Nevertheless, the new Russian radicals (see Chernyshevskii, N.G.) and populists (see Lavrov, P.L.; Mikhailovskii, N.K.; Tkachëv, P.N.) did not cease to concentrate on the peculiarly Russian way of historical development. They embraced eagerly the idea of a privilege conferred by backwardness, enabling latecomers to choose a more humane, non-capitalist variant of progress, and deeply believed in the socialist potential of the peasant commune. Thus, despite their sincere contempt for all forms of nationalist megalomania, their commitment to the idea of ‘skipping the capitalist phase’ was bound up with the ardent hope that Russia might become the first socialist country and, thereby, the legitimate vanguard of progressive humanity.

The Slavophile camp, representing an influential part of the right wing of the political spectrum, evolved in the direction of ethno-nationalism and political Pan-Slavism (see Pan-Slavism). This entailed an important modification of the Slavophile conception of the Russian Idea. The chief theorist of Pan-Slavism, Nikolai Danilevskii (in Russia and Europe, 1871), grounded his views on Russia’s historical mission on naturalistic foundations, rejecting the Christian universalism of the classical Slavophilism and replacing it with a theory of self-contained and incommensurable ‘historico-cultural types.’ This led him to conclude that in politics there is no place for ethical idealism, and that the Slavs, under Russian leadership, should think only about the interests of their ‘historical type’, abandoning the utopian aim of a universal Christianization of life and ceasing to see themselves as serving the cause of an imaginary ‘Humanity’.

More complex were the views of Dostoevskii, although he was one of Danilevskii’s admirers.
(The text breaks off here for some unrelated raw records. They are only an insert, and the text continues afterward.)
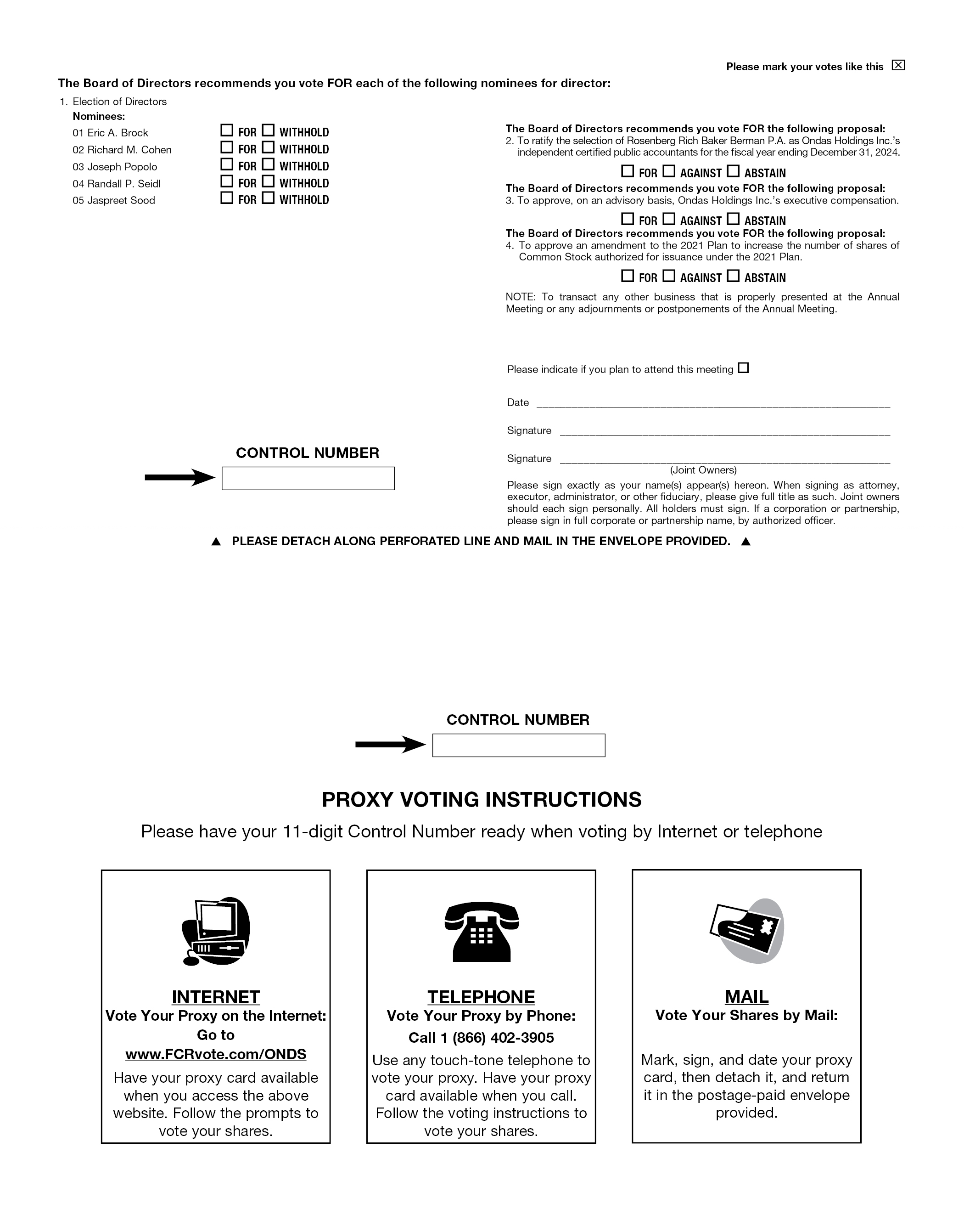 Please mark your votes like this x PLEASE DETACH ALONG PERFORATED LINE AND MAIL IN THE ENVELOPE PROVIDED. Please indicate if you plan to attend this meeting o The Board of Directors recommends you vote FOR each of the following nominees for director: 1. Election of Directors Nominees: 01 Eric A. Brock FOR WITHHOLD 02 Richard M. Cohen FOR WITHHOLD 03 Joseph Popolo FOR WITHHOLD 04 Randall P. Seidl FOR WITHHOLD 05 Jaspreet Sood FOR WITHHOLD CONTROL NUMBER Date Signature Signature (Joint Owners) Please sign exactly as your name(s) appear(s) hereon. When signing as attorney, executor, administrator, or other fiduciary, please give full title as such. Joint owners should each sign personally. All holders must sign. If a corporation or partnership, please sign in full corporate or partnership name, by authorized officer. The Board of Directors recommends you vote FOR the following proposal: 2. To ratify the selection of Rosenberg Rich Baker Berman P.A. as Ondas Holdings Inc.’s independent certified public accountants for the fiscal year ending December 31, 2024. FOR AGAINST ABSTAIN The Board of Directors recommends you vote FOR the following proposal: 3. To approve, on an advisory basis, Ondas Holdings Inc.’s executive compensation. FOR AGAINST ABSTAIN The Board of Directors recommends you vote FOR the following proposal: 4. To approve an amendment to the 2021 Plan to increase the number of shares of Common Stock authorized for issuance under the 2021 Plan. FOR AGAINST ABSTAIN NOTE: To transact any other business that is properly presented at the Annual Meeting or any adjournments or postponements of the Annual Meeting. CONTROL NUMBER PROXY VOTING INSTRUCTIONS Please have your 11-digit Control Number ready when voting by Internet or telephone INTERNET Vote Your Proxy on the Internet: Go to www.FCRvote.com/ONDS Have your proxy card available when you access the above website. Follow the prompts to vote your shares. TELEPHONE Vote Your Proxy by Phone: Call 1 (866) 402-3905 Use any touch-tone telephone to vote your proxy. Have your proxy card available when you call. Follow the voting instructions to vote your shares. MAIL Vote Your Shares by Mail: Mark, sign, and date your proxy card, then detach it, and return it in the postage-paid envelope provided.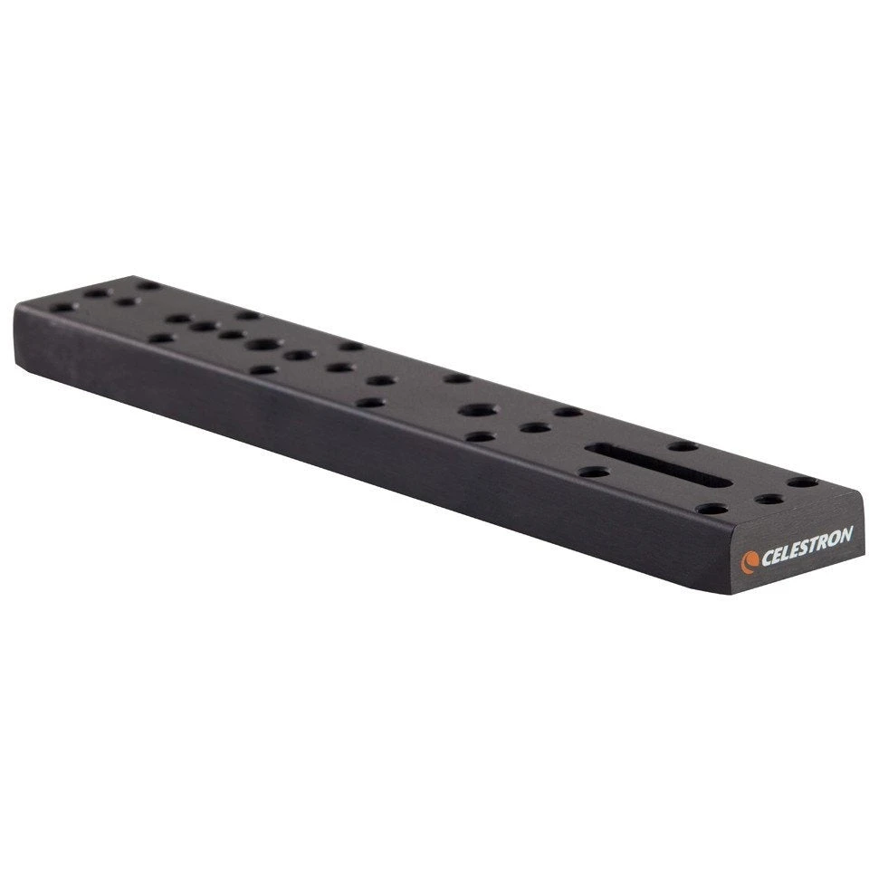 The Celestron CG-5 Universal Mounting Plate is a basic accessory that allows you to attach a wide range of telescope accessories to the mounting platform of an Advanced CG-5 or Advanced VX mount. It will accept standard mounting rings, spotting scopes, and cameras. The mounting plate is drilled with several of the most common hole types and patterns, including 3/8”-16, 5/16”-18, and 1/4”-20.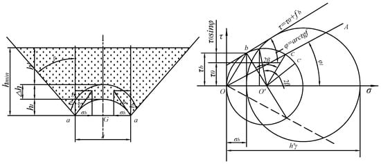Let a combined stress σ act on the planes ab and ac of the separating body and decompose σ into a shear stress τb. The gravitational force G of the separating body is taken as: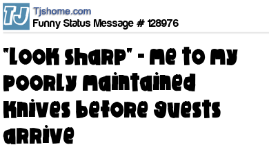X "look sharp" - me to my poorly maintained knives before guests arrive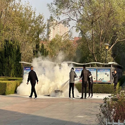本次演练主要对正确使用灭火器进行快速灭火、扑灭初期火灾、火灾的现场报警、人员疏散与逃生自救、消防队员灭火救援等内容进行了现场演示。演练伊始,现场响起火灾警报声,消防员们相互配合,引导师生们紧急疏散、自救和逃生,并用消防器材进行灭火,逐渐控制火势的蔓延。随后,模拟演练了突发煤气泄漏的紧急情况,消防员们用专业的方式将气体进行清理,并成功营救了被困学生。任务完成,现场响起阵阵掌声。
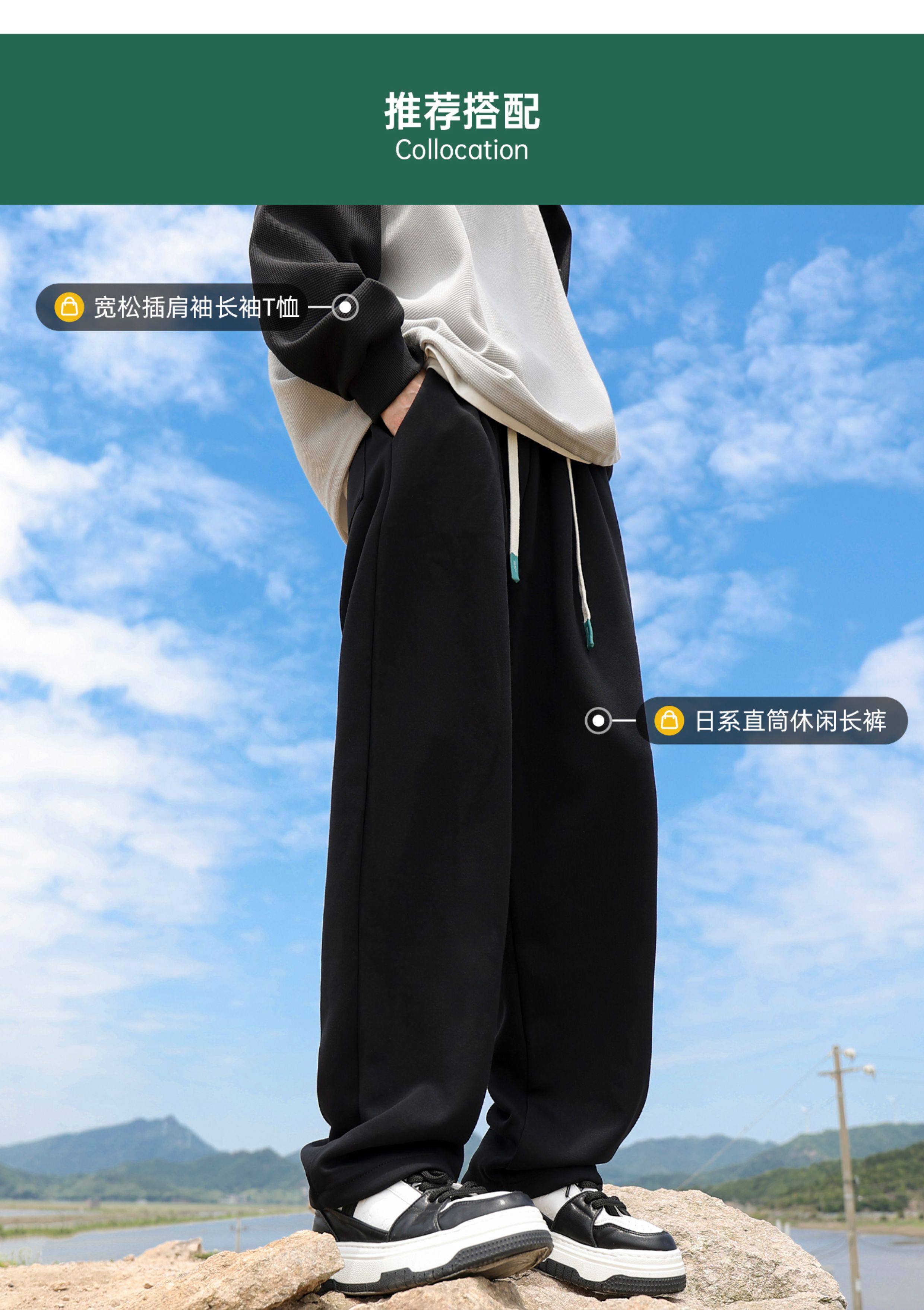 @港仔文藝男 灰色衛褲男春季男款直筒休閒運動長褲男生寬鬆褲子

His Russian Idea had at least three dimensions: (l) belief in the universalism of the Russian soul, elaborated most fully in his ‘Address on Pushkin’, 1880; (2) imperial messianism, proclaiming that Russia’s destiny was to restore the Orthodox Byzantine Empire, and therefore that ‘Constantinople should be ours’; and (3) the idea of ‘Russian socialism’, embodying the spirit of sobornost’ and opposed to the Godless socialism of the West, the successor of the Catholic idea of unity without freedom. The religious features of this ideal included a theocratic dimension and influenced the early version of Solov’ëv’s conception of ‘free theocracy.’

An interpretation of the Russian Idea can be found also in the religious philosophy of Nikolai Fëdorov. His Philosophy of Common Action, aiming at the resurrection of the dead, conquering death itself and constructing thereby the Kingdom of God on earth, had also a specifically Russian, messianic aspect. Fëdorov saw Russia as the Third Rome, destined to reconcile the first two Romes (the papal Rome and the Orthodox Byzantine Empire) in the common effort to establish a social system based upon brotherly relations, common property and rationally organized ‘regulation’ of nature.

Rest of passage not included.